Interview mit Prof. Claus Franz Vogelmeier

esanum: Professor Vogelmeier, wenn Sie auf den diesjährigen ERS Congress zurückblicken, welche drei Sitzungen oder Präsentationen haben Sie am meisten beeindruckt und warum? Gab es neue Forschungsergebnisse oder Ansätze, die Ihrer Meinung nach einen signifikanten Einfluss auf die klinische Praxis haben könnten?

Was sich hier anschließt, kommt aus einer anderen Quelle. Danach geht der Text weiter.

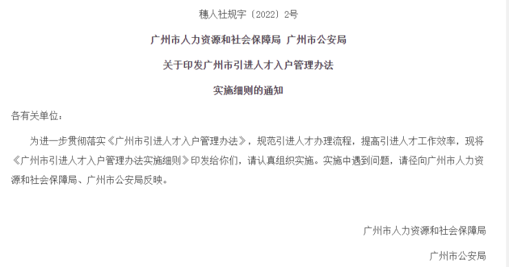 日前,广州市人力资源和社会保障局、广州市公安局印发《广州市引进人才入户管理办法实施细则》(下称《细则》)。

Prof. Claus Vogelmeier: Das erste große Thema, das beim Kongress einen beachtlichen Raum eingenommen hat, ist das Thema kardiovaskuläre Komplikationen bei COPD. Damit sind ganze Sitzungen gefüllt gewesen. Das Problem, um das kurz zu umreißen, ist, dass Patienten nach einer COPD-Exazerbation im weiteren Verlauf schwere kardiovaskuläre Komplikationen entwickeln können. Das Risiko ist massiv erhöht im Zusammenhang mit der Exazerbation. Und die Frage ist, kann man die Patienten in irgendeiner Form davor schützen? Zu dieser Frage hat eine holländische Gruppe sehr interessante Daten von 100 Allgemeinarztpraxen in den Niederlanden präsentiert. Diese haben untersucht, welchen Nutzen es hat, wenn man Patienten mit COPD bezüglich ihres kardiovaskulären Risikoprofils evaluiert und daraufhin eventuell eine Behandlung beginnt, z.B. mit einem Lipidsenker und/oder einem Antihypertonikum. Dabei stellte sich heraus, dass das eine Menge bringt, Patienten nach einer Exazerbation davon sehr profitieren können und deutlich seltener kardiovaskuläre Ereignisse nach dieser Akutproblematik entwickelt haben, wenn sie eben vorher bezüglich kardiovaskulärer Risikofaktoren evaluiert und behandelt worden sind.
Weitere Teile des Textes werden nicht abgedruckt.